#  > 【月之花海】獸迷、毛毛、Furry討論區 >  > 獸人動物猜謎 >  >  猜獸人 Part XVII&XVIII（XVII卡魯之星 XVIII閃靈怪醫）

## sanari

就兩部作品裡出現的獸人

----------


## 館主

1是
山崎浩.卡魯之星.3本

這套我有（笑
我喜歡那隻兔子弓箭手！

感覺怎麼都只能回答出一篇啊...

這個獸人作品猜謎系列挺好玩的耶，請務必繼續--

----------


## sanari

> 1是
> 山崎浩.卡魯之星.3本
> 
> 這套我有（笑
> 我喜歡那隻兔子弓箭手！
> 
> 感覺怎麼都只能回答出一篇啊...
> 
> 這個獸人作品猜謎系列挺好玩的耶，請務必繼續--


被館主大人猜中了．．．
是卡魯之星，全三集，東販出版的
我比較喜歡那隻貓人劍士說．．．

另一部啊，我只有買兩集啦
因為他第三集之後，我那的文具店就沒進了
等發現有後續時，已經出到第５及第６集了
上週去漫畫屋看，好像出到第７或８集了說

----------


## 無名犬鬼

第二個我知道～
是閃靈怪醫～（謎：怎麼這們晚才回，都是用挖的了！
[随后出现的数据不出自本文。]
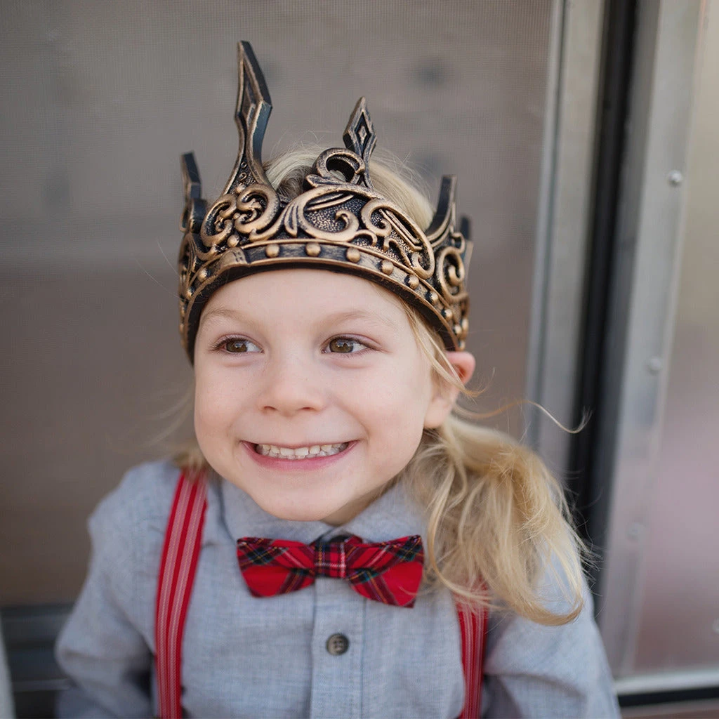 Be the king or queen of the castle with this gold medieval crown. Accented with black, this crown is made from a flexible rubberized/coated EVA foam for extra comfort. These crowns are durable and excellent quality! Size flexible from kids to adults with sewn in Velcro.
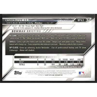 This is a 2016 Bowman Prospects Carson Fulmer baseball card. The card is #BP63 and pictures show condition.
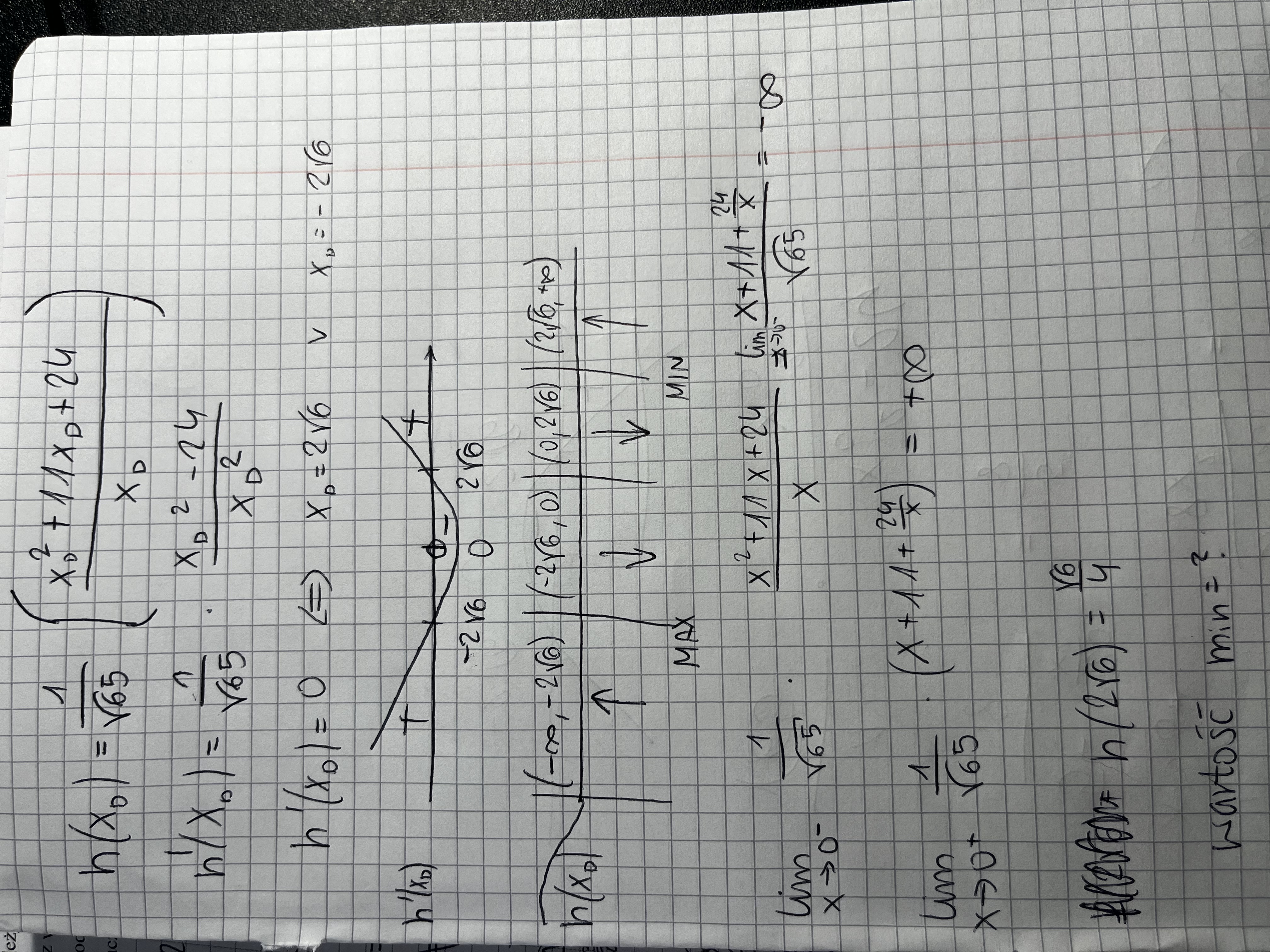 pochodna zeruje się wtedy dla +/- 2pierw z 6, ale przy rysowanie zmienności znakun pochodnej trzeba uwzględnić to że 0 nie zależy do dziedziny
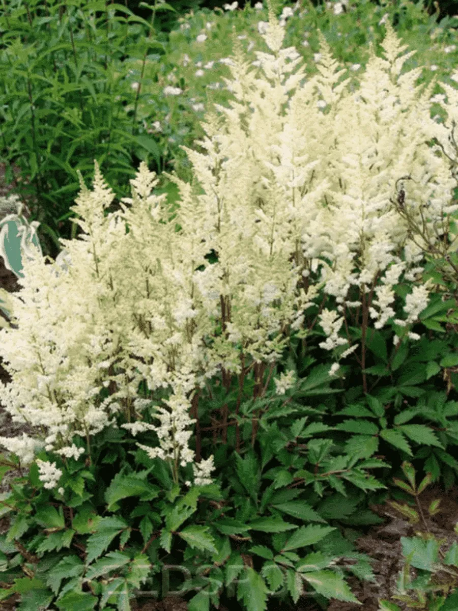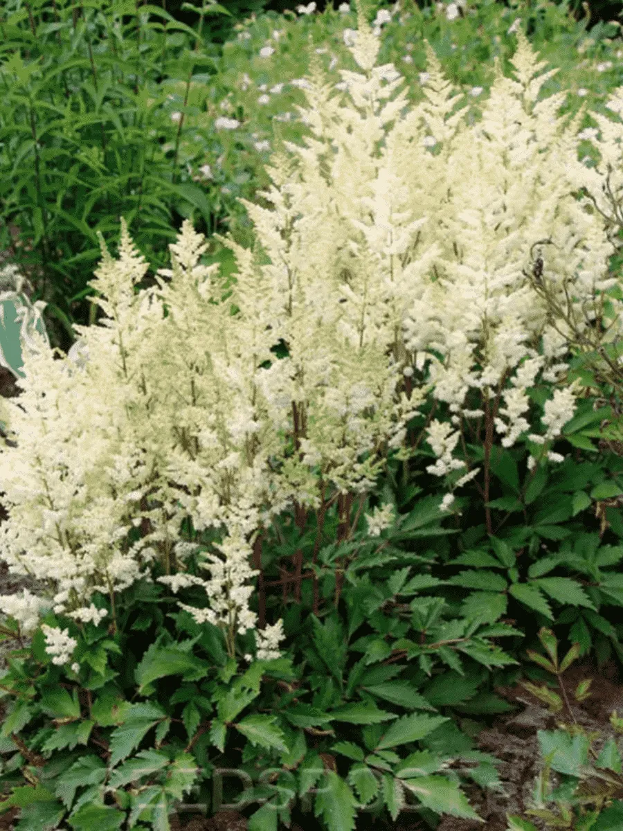 Астильба гибридная сорта *Younique White* пленяет взор нежностью своего облика и изысканностью форм. Это многолетнее травянистое растение образует компактную розетку крупных пальчато-рассечённых листьев насыщенного зелёного цвета, слегка блестящих от воскового налёта. Листья имеют чёткую структуру и приятную фактуру, создавая живописный фон для роскошного цветения. Цветоносы устремляются вверх стройными свечами высотой до полуметра, увенчанные пушистыми метёлками белоснежных цветков, словно облако воздушной свежести над изумрудной листвой. Период цветения длится долго, радуя глаз с середины лета до осени. Растение предпочитает тенистые уголки сада, влажные почвы и прекрасно чувствует себя вблизи водоёмов, где раскрывается во всей своей красоте, наполняя пространство утончённой гармонией природы.
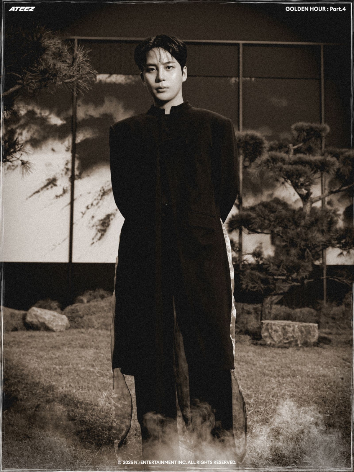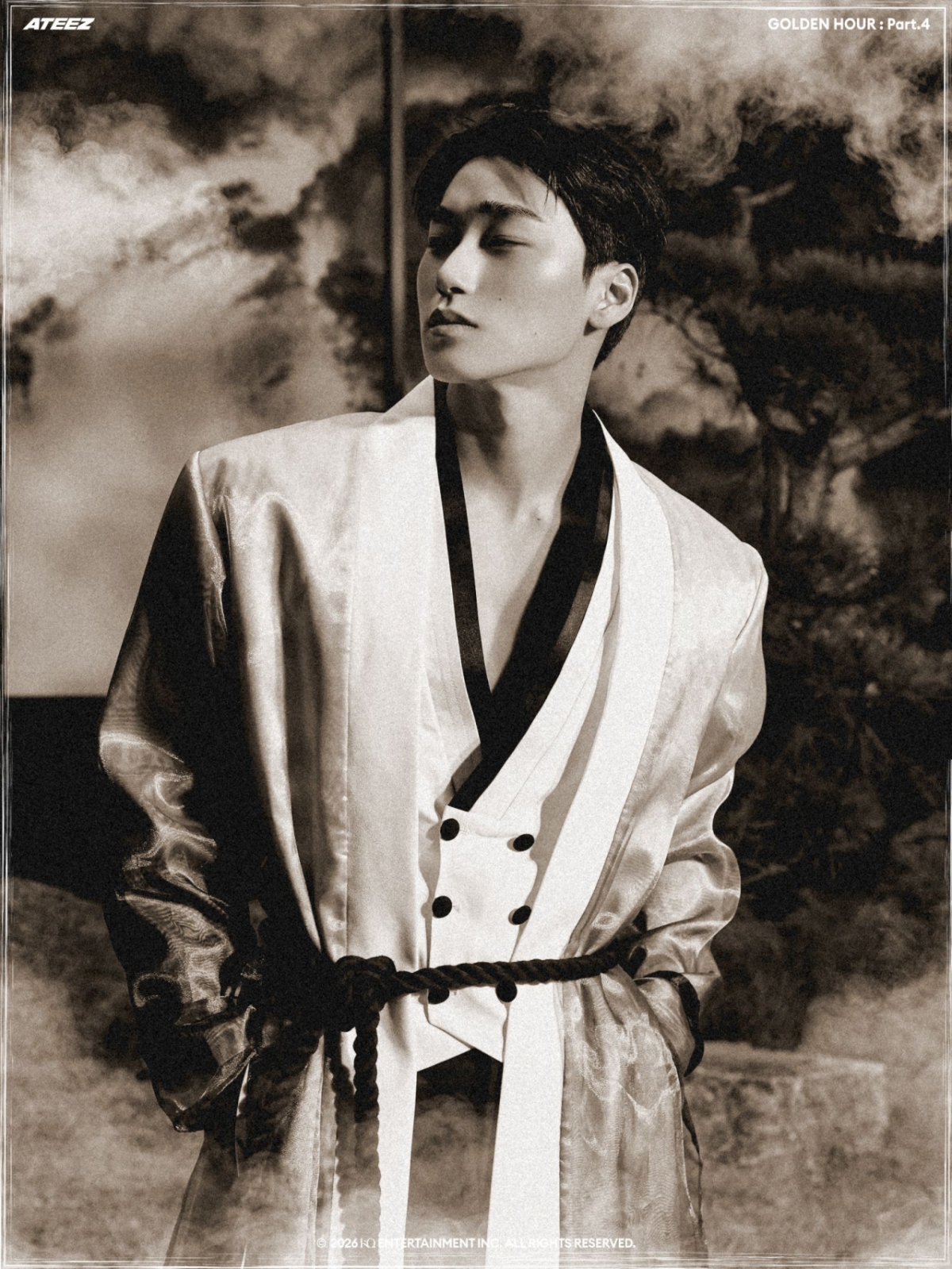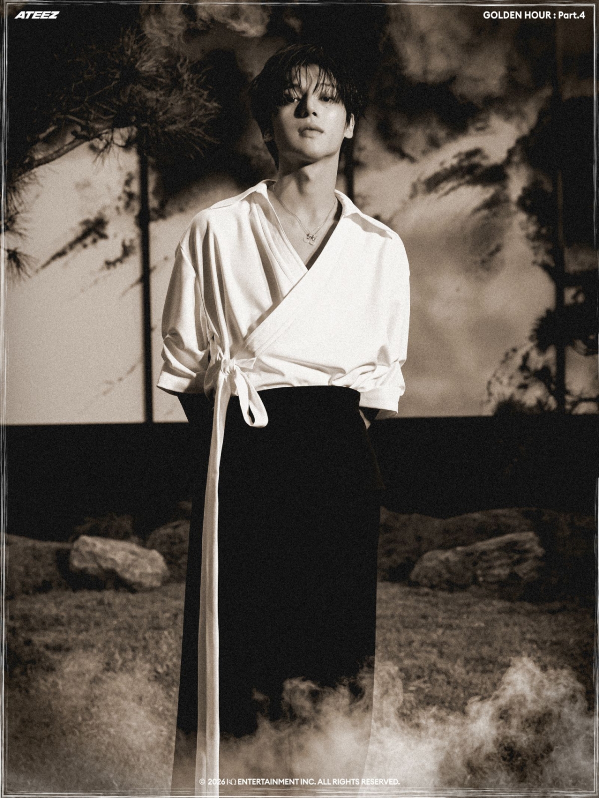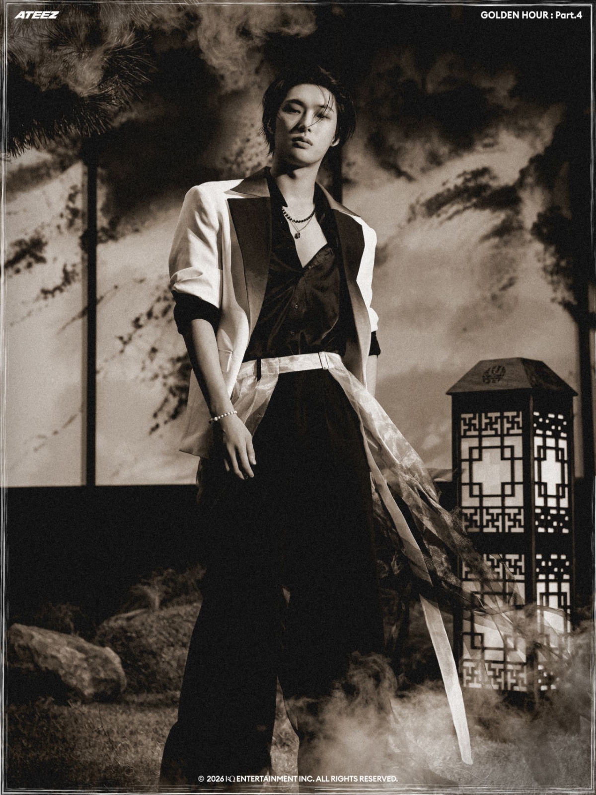 공개된 콘셉트 포토 속 에이티즈는 한 폭의 동양화를 떠올리게 하는 모노톤의 분위기로 깊은 인상을 남긴다. 동양적 실루엣을 현대적으로 재해석한 의상과 정적인 표정, 절제된 색감이 어우러지며 시선을 사로잡았다.
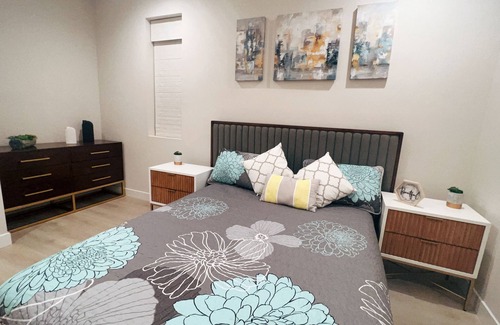 Luxury new built with gym, pool, BBQ and patio. 30 feet high ceiling with tall glasses, natural light and mountain view. Spectacular floating stair cases. Full kitchen, wet bar and two living spaces. Bedroom with TV. Close to LA downtown.

我：沒辦法啊，我又不˙是很常來，睡不著的時候才翻舊文的）

這個我記得是西伯利亞少數民族的虎皮吧
除了這篇以外，之後還會有獸人逆襲的部份
雖然最後莫名奇妙的因為一張契約解決了....

最經典的契約條款：第一條，從此以後不再偷雞跟牛（犬彥：都說別再提了！！）

----------


## sanari

> 第二個我知道～
> 是閃靈怪醫～（謎：怎麼這們晚才回，都是用挖的了！我：沒辦法啊，我又不˙是很常來，睡不著的時候才翻舊文的）
> 
> 這個我記得是西伯利亞少數民族的虎皮吧
> 除了這篇以外，之後還會有獸人逆襲的部份
> 雖然最後莫名奇妙的因為一張契約解決了....
> 
> 最經典的契約條款：第一條，從此以後不再偷雞跟牛（犬彥：都說別再提了！！）


是閃靈怪醫沒錯
是出現在第二集中
因為那個虎皮(印象中是虎獸人的皮)
沾到人血(帶他的人是打地下摔角的人)
而覺醒的虎皮，附身在帶他的人身上
變成虎獸人

----------